Records contained in a dataset:
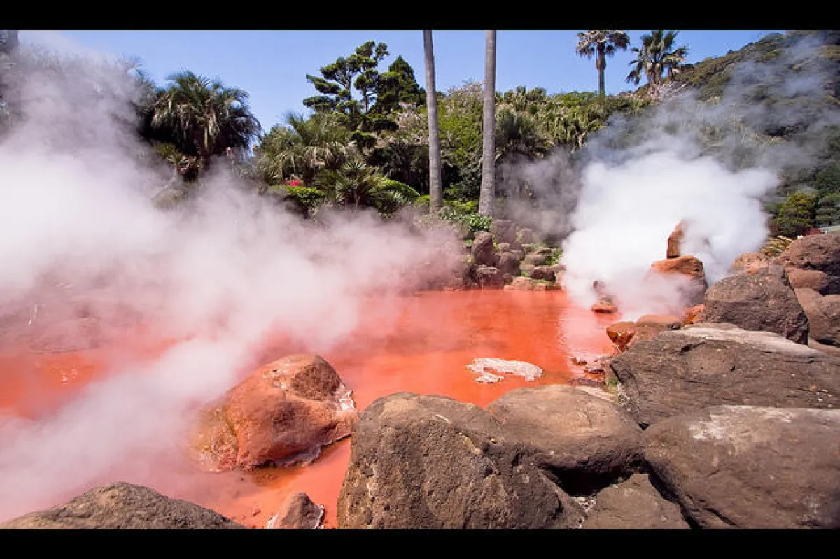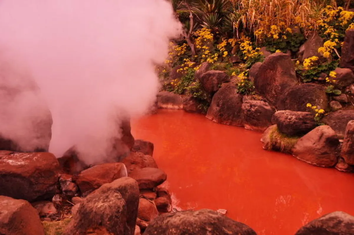 مدينة الجحيم في اليابان بيبو التي بها حوالي670 ينبوعاً ساخناً أهمها ثمانية ينابيع التي تسمى باليابانية الاحتراق بالجحيم، أما الأكثر إثارة في هذه الينابيع الثمانية فهو ينبوع بركة الدم الساخن.
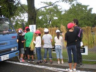 今日(10月7日〔月〕)、JA青年部の皆さんの御指導、御協力のもと、5年生が稲刈りを行いました。刈った稲は、学校のフェンスに干しました。JA青年部の皆さんありがとうございました。
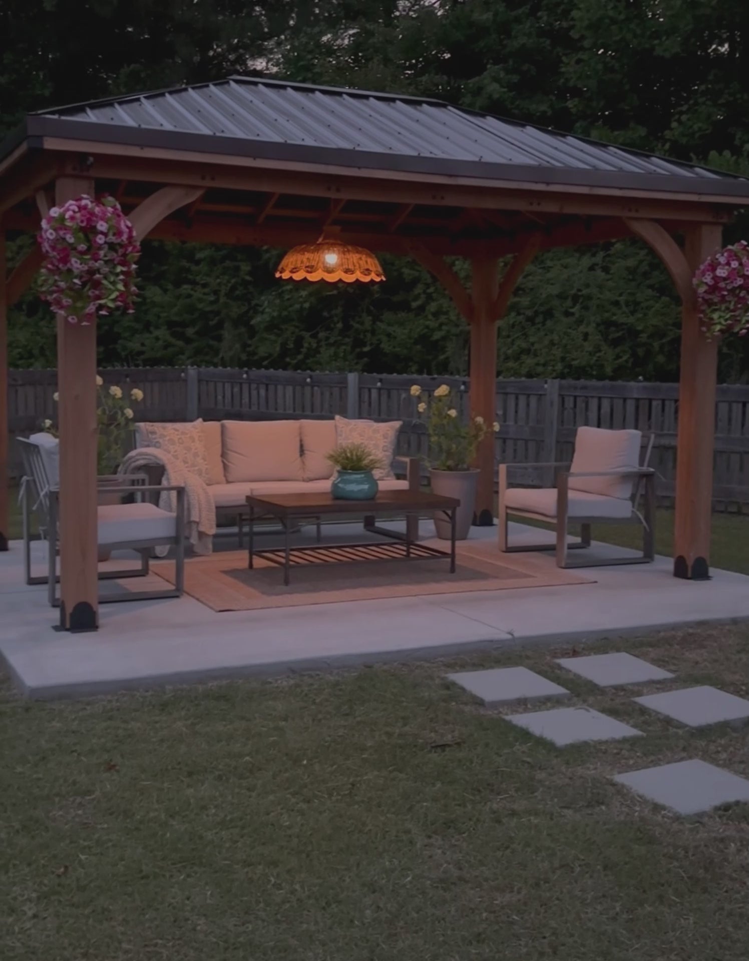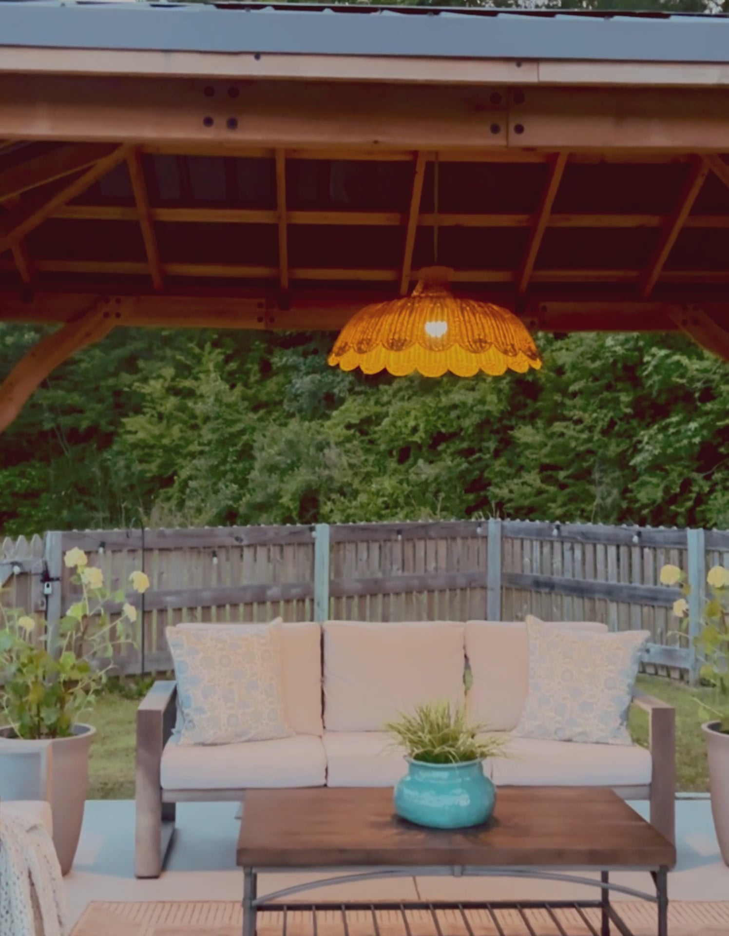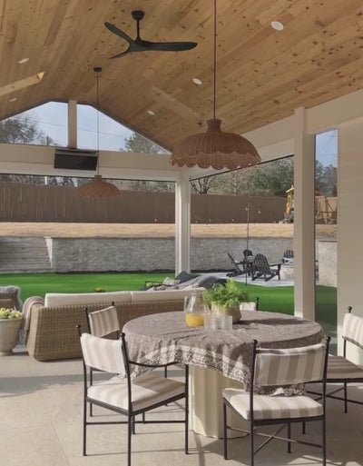 The handwoven pendant offers a warm and inviting ambiance, while its sleek lines and contemporary styling make it an ideal addition to modern patios, porches, or outdoor seating areas.
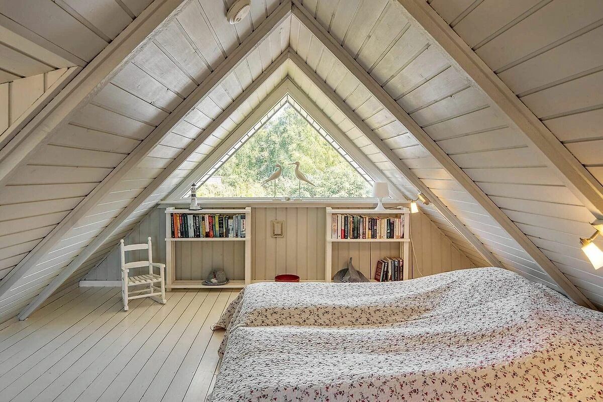 Dal soggiorno, una piccola scala conduce al soppalco, molto spazioso e con un'ottima altezza. Qui troverete un letto matrimoniale e una vista sulla natura che circonda la casa.
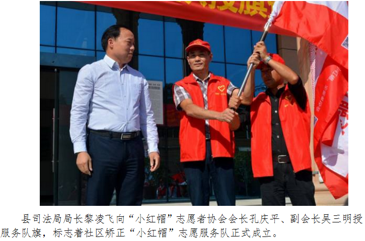 为进一步提高社区矫正工作质量,通城县司法局积极探索特殊人群管理模式,创新矫正工作载体,帮助服刑人员提高服务和奉献意识,矫正不良行为,顺利回归社会,有效预防和减少重新犯罪,与县“小红帽”志愿者协会密切合作,联合成立一支全部由社区服刑人员组成的特殊志愿者队伍----社区矫正“小红帽”志愿服务队。
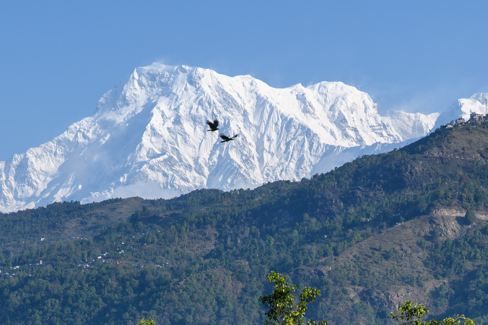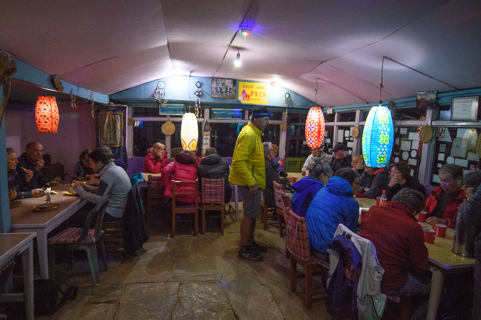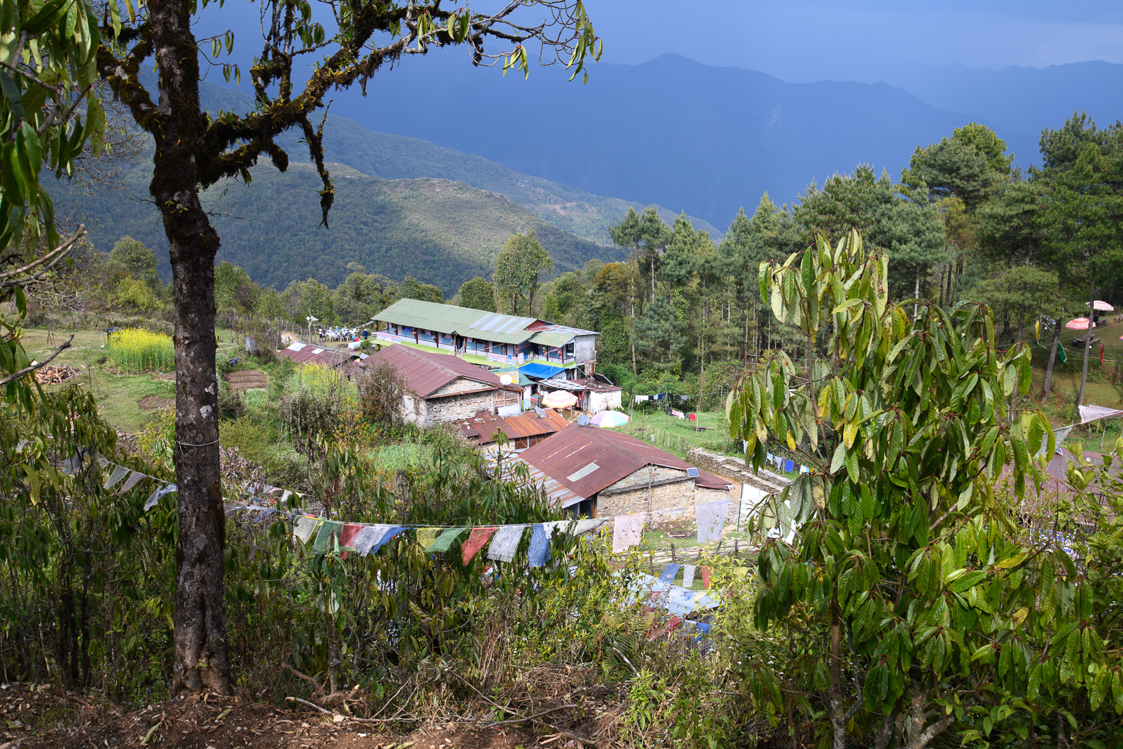 20 years I had organised a similar trek but including the Annapurna Sanctuary. At that time we walked along part of this ridge but now it is all a paved road. After leaving the road the route took us with various downs and ups through forest and some fields to a wayside restaurant at Damphus 1650m for lunch and soon afterwards we reached our overnight destination, Pothana 1900m. This was a village of tourist lodges typical of several which we would be visiting. There was still time for a short excursion up a hill behind the lodge where there were a few Rhododendron still in bloom to be seen. The mountains were however no longer visible and the sky looked quite threatening. We were safely inside again when a storm started, but the sky cleared again in time for us to see the sunset. Machapuchre looked particularly impressive against the darkening sky. It was actually New Year’s day according to the Nepalese calendar and the dining room was decorated with large colourful lanterns.

• **INSTRUCTIONS FOR THE TASK**
Leave out the pictures and repeat exactly the lines from the first line of the data through the line containing "为进一步提高社区矫正工作质量". Add nothing else.

• **TASK SOLUTION**
 مدينة الجحيم في اليابان بيبو التي بها حوالي670 ينبوعاً ساخناً أهمها ثمانية ينابيع التي تسمى باليابانية الاحتراق بالجحيم، أما الأكثر إثارة في هذه الينابيع الثمانية فهو ينبوع بركة الدم الساخن.
 今日(10月7日〔月〕)、JA青年部の皆さんの御指導、御協力のもと、5年生が稲刈りを行いました。刈った稲は、学校のフェンスに干しました。JA青年部の皆さんありがとうございました。
 The handwoven pendant offers a warm and inviting ambiance, while its sleek lines and contemporary styling make it an ideal addition to modern patios, porches, or outdoor seating areas.
 Dal soggiorno, una piccola scala conduce al soppalco, molto spazioso e con un'ottima altezza. Qui troverete un letto matrimoniale e una vista sulla natura che circonda la casa.
 为进一步提高社区矫正工作质量,通城县司法局积极探索特殊人群管理模式,创新矫正工作载体,帮助服刑人员提高服务和奉献意识,矫正不良行为,顺利回归社会,有效预防和减少重新犯罪,与县“小红帽”志愿者协会密切合作,联合成立一支全部由社区服刑人员组成的特殊志愿者队伍----社区矫正“小红帽”志愿服务队。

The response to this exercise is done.